→ **PROBLEM DESCRIPTION**
With the pictures left out, write out exactly the lines of the listing below that run from the line with "ブラウンのワントーンコーデも" through the line with "- Pantalon fluide plissé rose à paillettes".

→ **GIVEN RECORDS**

• • • • •

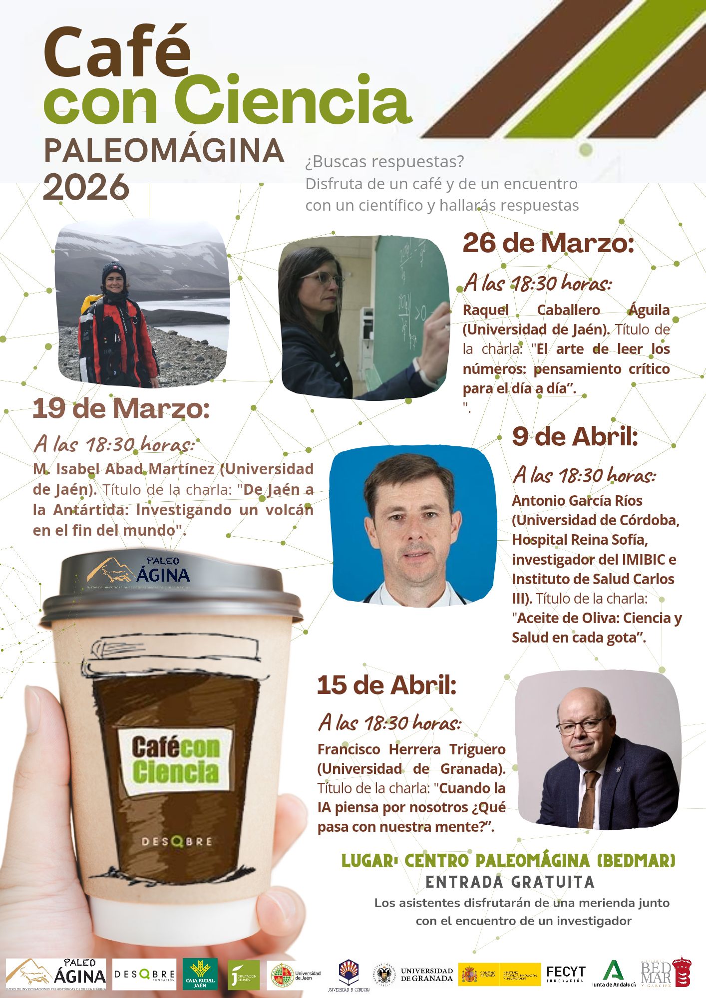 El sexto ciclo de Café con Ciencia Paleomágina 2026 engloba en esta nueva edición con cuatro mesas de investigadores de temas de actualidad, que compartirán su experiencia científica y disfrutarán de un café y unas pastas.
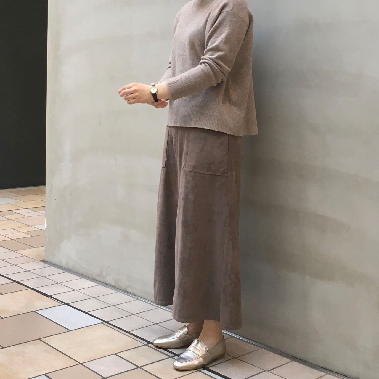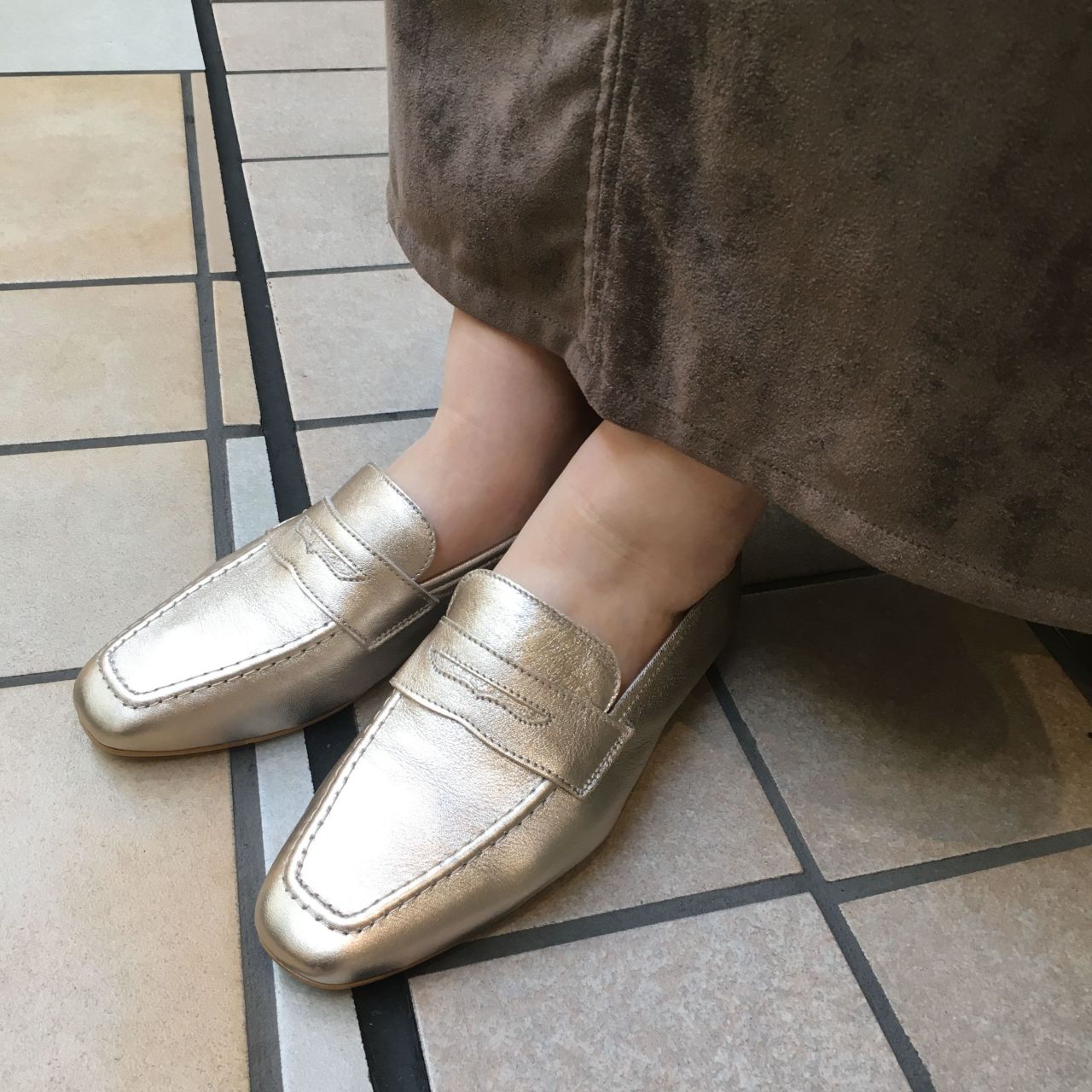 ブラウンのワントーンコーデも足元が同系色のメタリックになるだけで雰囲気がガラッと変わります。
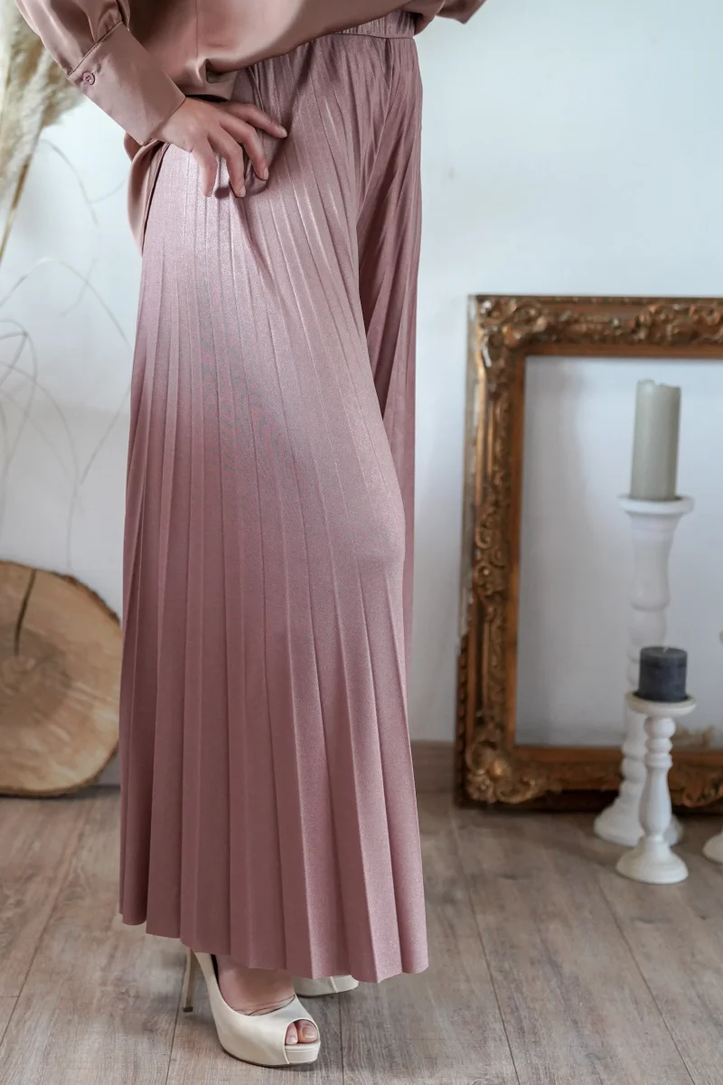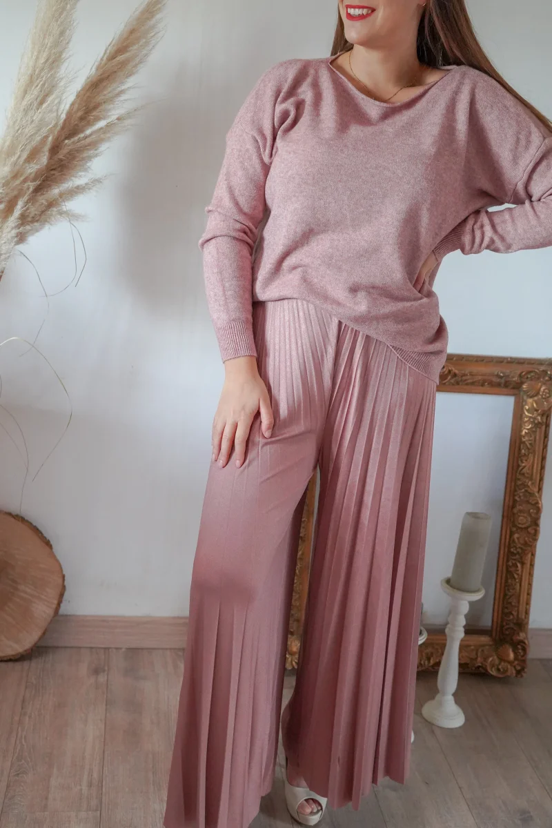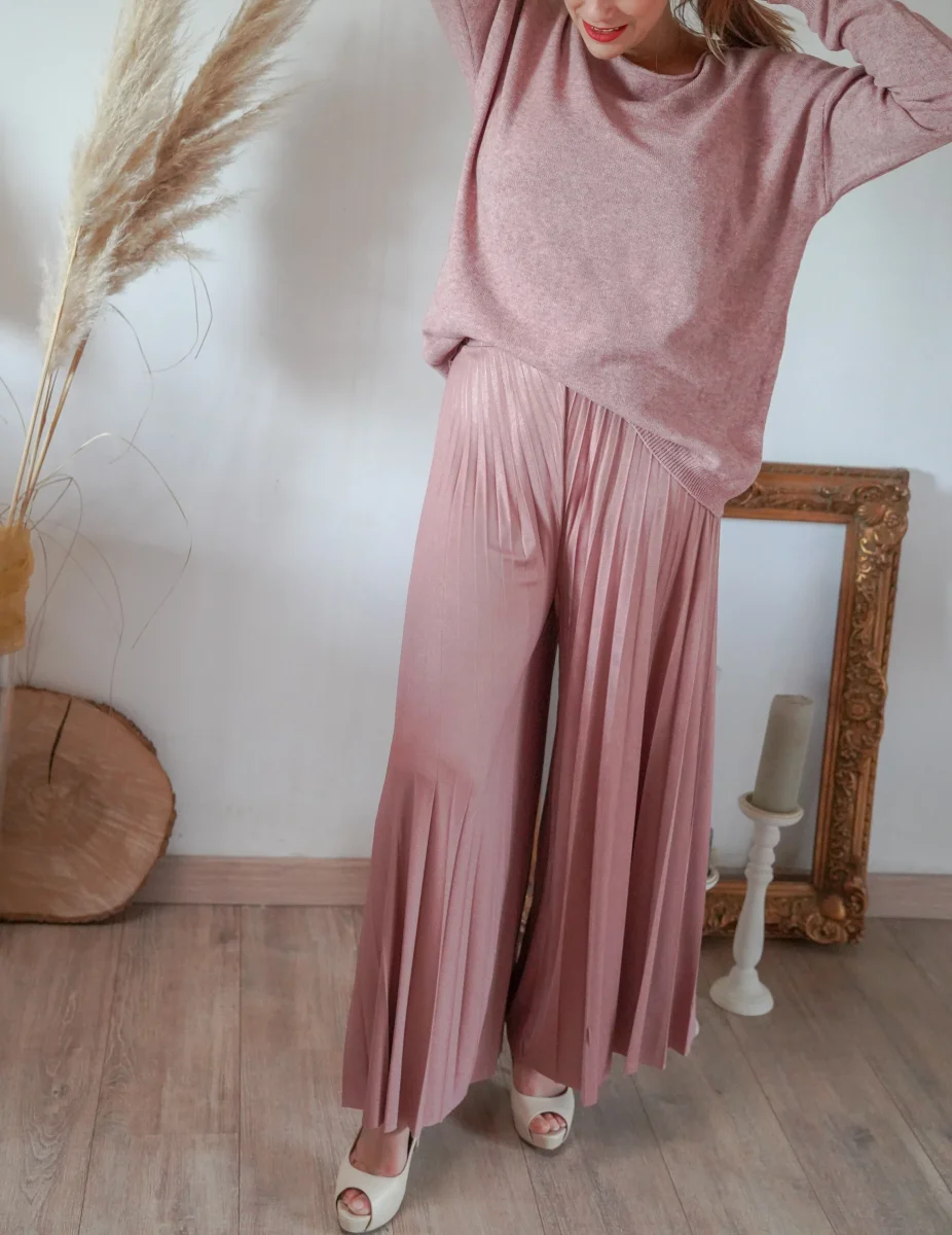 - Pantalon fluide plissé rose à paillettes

• • • • •

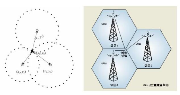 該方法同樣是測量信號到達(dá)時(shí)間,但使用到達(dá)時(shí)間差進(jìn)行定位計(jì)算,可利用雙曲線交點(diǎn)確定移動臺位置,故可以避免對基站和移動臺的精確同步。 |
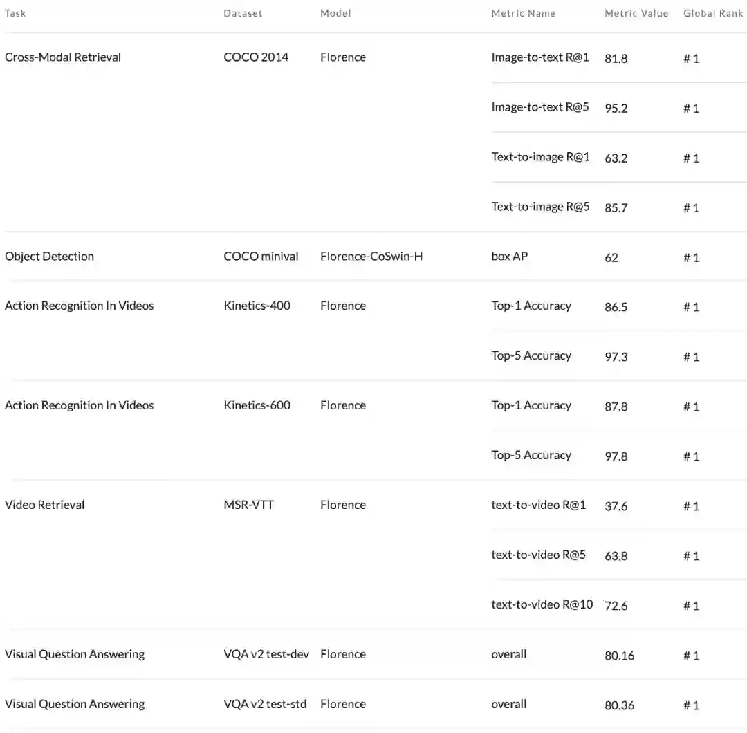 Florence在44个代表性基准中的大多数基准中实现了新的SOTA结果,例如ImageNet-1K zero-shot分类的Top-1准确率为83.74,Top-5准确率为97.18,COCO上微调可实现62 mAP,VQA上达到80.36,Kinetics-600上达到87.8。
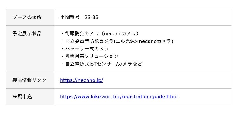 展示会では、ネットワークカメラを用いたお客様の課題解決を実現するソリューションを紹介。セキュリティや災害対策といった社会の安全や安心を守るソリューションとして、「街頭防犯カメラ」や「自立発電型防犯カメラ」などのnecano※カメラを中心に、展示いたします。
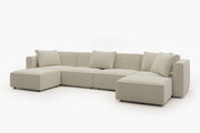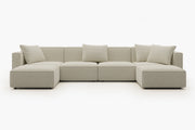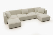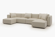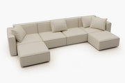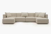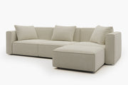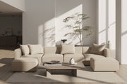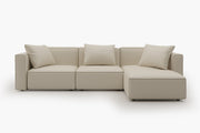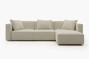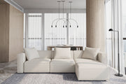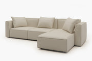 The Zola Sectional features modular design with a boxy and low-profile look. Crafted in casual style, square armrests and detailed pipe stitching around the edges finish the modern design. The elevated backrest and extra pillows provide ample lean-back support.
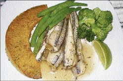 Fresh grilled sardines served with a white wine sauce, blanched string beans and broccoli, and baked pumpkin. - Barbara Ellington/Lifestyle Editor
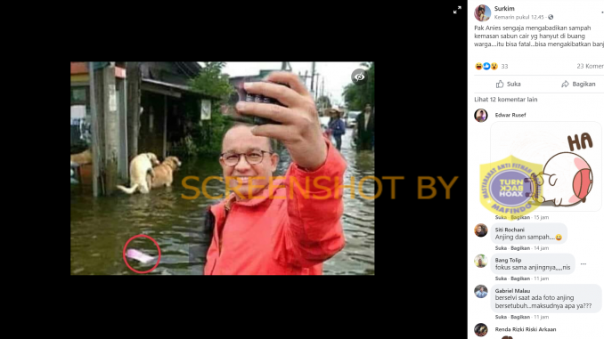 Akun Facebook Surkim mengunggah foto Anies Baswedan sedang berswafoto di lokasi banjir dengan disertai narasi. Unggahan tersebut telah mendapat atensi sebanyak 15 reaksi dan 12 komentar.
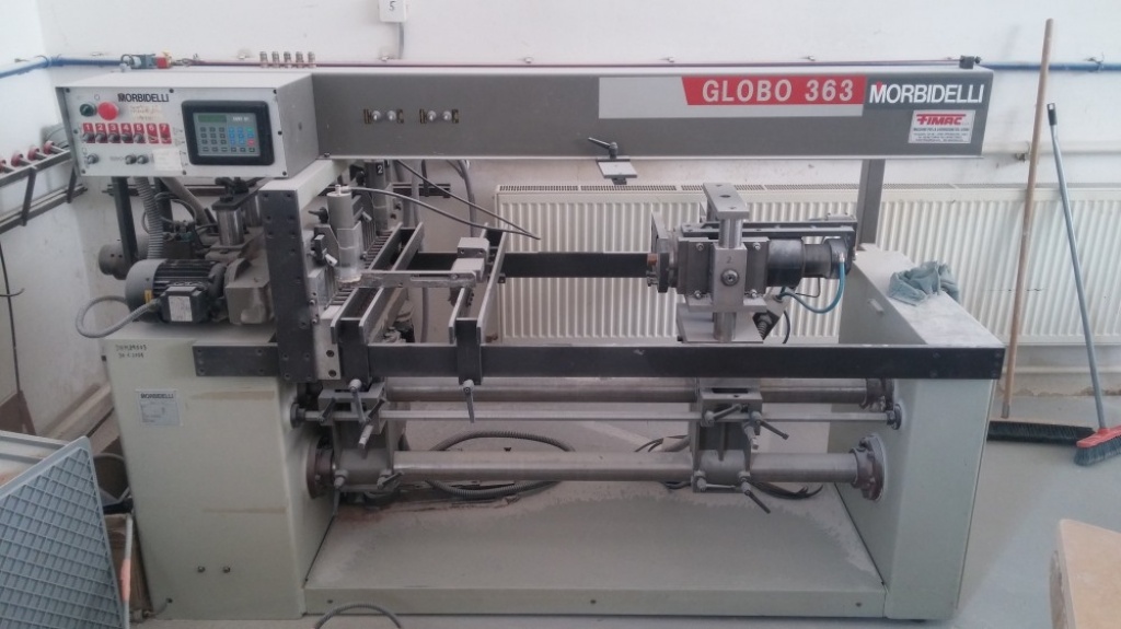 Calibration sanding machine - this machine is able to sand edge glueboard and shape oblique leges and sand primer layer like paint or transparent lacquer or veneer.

• • • • •

→ **TASK SOLUTION**
 ブラウンのワントーンコーデも足元が同系色のメタリックになるだけで雰囲気がガラッと変わります。
 - Pantalon fluide plissé rose à paillettes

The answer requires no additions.